And then maybe later that day, you’re like, “Shiiiiit. I don’t know what to do with my life. I can’t make any decisions. Who am I even? What do I even want? Does any of this matter? What’s the deal with life anyways… is it some kinda sick joke that I just have to endure until I die?”

 

Eh hem. Yeah. I could probably use some hormonal balancing. But here’s the thing, it’s not just me! Many of my clients and closest friends swing back and forth, up and down, happy not happy. Men and women, old and young. And so it’s got me wondering if it’s the nature of humanness, or just some humans, to fluctuate between radical self-belief and self-defeat.

 

It also would be really nice to not do that so much. To just believe in ourselves the whole time. To feel possibility and inspiration with each breath, to be motivated in a clear and decisive direction with each action. And to fully trust that we are right where we need to be, totally on par with our most scrumptious and fulfilling existence.

 

That’s where the self-help industry gets us. That’s where religion gets us. That’s where consumerism gets us.

 

This isn’t so much of a solution-oriented message. I’m not trying to solve the fluctuation conundrum, or even to promote the “middle path” as the Buddhists have so gracefully figured out. I’m more just acknowledging that when our pendulums swing, we’re not alone in that experience. Howard Stern is WITH US.

 

It’s important for me to remember that left to the sheer reality of having a body, in this culture, at this time, given my personal history, I’m going to feel shitty more often than I’d like to. I’m going to feel tired more often than I’d like to.
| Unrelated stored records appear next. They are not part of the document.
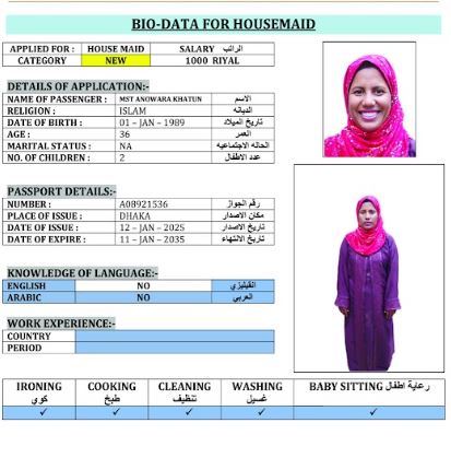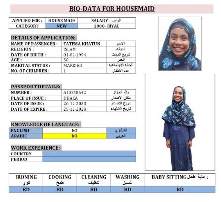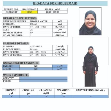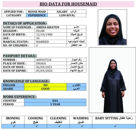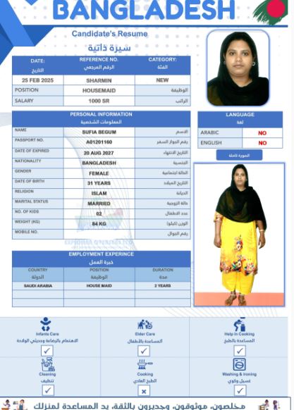 نوع الخدمة نوع الخدمة استقدام تأجير نقل خدمات الجنسية الجنسية الفلبين الهند مصر كينيا اثيوبيا بروندي بنغلاديش أوغندا أوغندا معروفة باكستان الفلبين معروفة اندونيسيا المهنة عاملة منزلية سائق خاص عاملة عناية زوجين ( عامله منزليه وسائق ) الديانة مسلم غير مسلم الخبرة سبق العمل لم يسبق العمل العمر العمر 15 16 17 18 19 20 21 22 23 24 25 26 27 28 29 30 31 32 33 34 35 36 37 38 39 40 41 42 43 44 45 46 47 48 49 50 51 52 53 54 55 56 57 58 59 60 الحالة العائلية الحالة العائلية اعزب متزوج مطلق ارمل اللغة اللغة العربية العربية العربية بنجالي نبالي فلبيني امهرية سواحلي عربي + لغتها الاساسية اندونيسي اوغندي بروندي الوزن الوزن 40 41 42 43 44 45 46 47 48 49 50 51 52 53 54 55 56 57 58 59 60 61 62 63 64 65 66 67 68 69 70 71 72 73 74 75 76 77 78 79 80 81 82 83 84 85 86 87 88 89 90 91 92 93 94 95 96 97 98 99 100 الطول الطول 100 101 102 103 104 105 106 107 108 109 110 111 112 113 114 115 116 117 118 119 120 121 122 123 124 125 126 127 128 129 130 131 132 133 134 135 136 137 138 139 140 141 142 143 144 145 146 147 148 149 150 151 152 153 154 155 156 157 158 159 160 161 162 163 164 165 166 167 168 169 170 171 172 173 174 175 176 177 178 179 180 181 182 183 184 185 186 187 188 189 190 الطلبات الطلبات التنظيف الغسيل الكوي الطبيخ العربي عناية الأطفال عناية كبار السن عناية الرضيع تعليم الأطفال التنظيف - الغسيل - الكوي التنظيف - الغسيل - الكوي- رغبة في تعلم الطبخ التنظيف - الغسيل - الكوي- رغبة في العناية بالاطفال بحث مسح بحث متقدم MST ANOWARA KHATUN بنغلاديش العمر 36 الخبرة لم يسبق العمل الديانة مسلم رقم الملف A08921536 حجز العاملة MONIRA AKTER بنغلاديش العمر 26 الخبرة لم يسبق العمل الديانة مسلم رقم الملف A17744653 حجز العاملة FATEMA KHATUN بنغلاديش العمر 30 الخبرة لم يسبق العمل الديانة مسلم رقم الملف A13340642 حجز العاملة AMENA KHATUN بنغلاديش العمر 36 الخبرة لم يسبق العمل الديانة مسلم رقم الملف A00547518 حجز العاملة SUFIA BEGUM بنغلاديش العمر 31 الخبرة لم يسبق العمل الديانة مسلم رقم الملف A01201160 حجز العاملة MONIRA BEGUM بنغلاديش العمر 36 الخبرة لم يسبق العمل الديانة مسلم رقم الملف A17531251 حجز العاملة MST SHIMA AKTHER بنغلاديش العمر 35 الخبرة لم يسبق العمل الديانة مسلم رقم الملف A17281889 حجز العاملة AKLEMA AKTER بنغلاديش العمر 37 الخبرة لم يسبق العمل الديانة مسلم رقم الملف A17072612 حجز العاملة ASMA BEGUM بنغلاديش العمر 39 الخبرة لم يسبق العمل الديانة مسلم رقم الملف A16845942 حجز العاملة RINA BEGUM بنغلاديش العمر 39 الخبرة لم يسبق العمل الديانة مسلم رقم الملف A12608496 حجز العاملة 7 8 9 10 11 12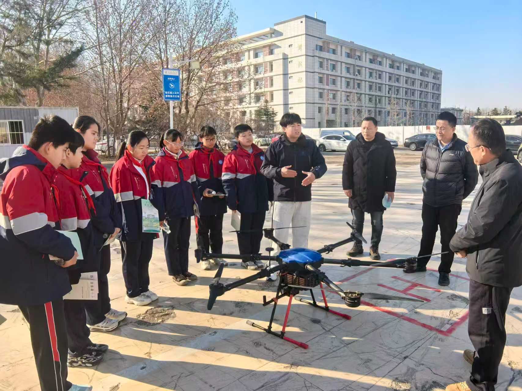 座谈会后,城阳五中师生在学院人员陪同下,实地参观了学院实验室及无人机展示。参观过程中,负责教师细致讲解了相关科研设备的技术原理与应用场景,激发了中学生对信息科学和现代技术的浓厚兴趣。这场生动的“实践课”,将思政教育与科学素养培育相融合,直观展现了高等教育阶段的育人特色与科技创新氛围。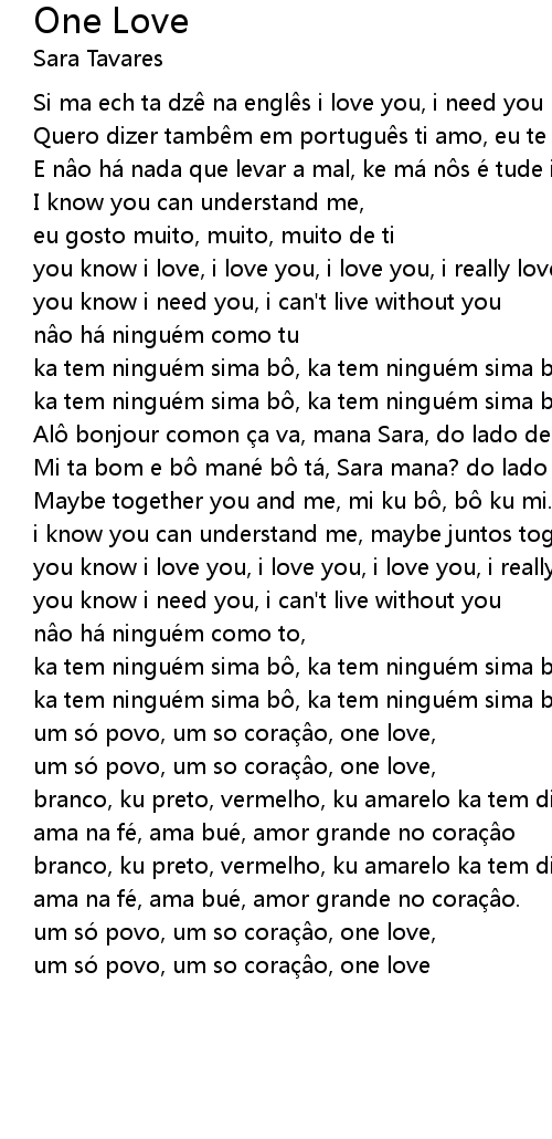 | um so povo, um so cora o, one love, | |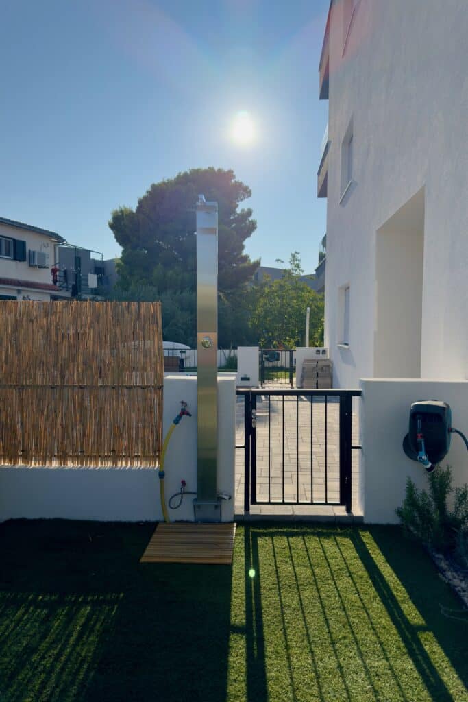 - Garten: JA, Privater, umzäunter Bereich mit Außendusche

I’m going to feel scared, and confused, and over-stimulated, and cold, and frustrated that there’s nothing I want to eat in the fridge, way more often than I’d like to.

 

And that’s just part of being alive. And so is feeling enchanted, and deeply moved, and profoundly connected, and well-rested, and awe-struck, and giggly, and warm and satiated.

 

Because Life is a FULL Package.

 

We get to fall in love.

We get to lose that which is the most precious to us.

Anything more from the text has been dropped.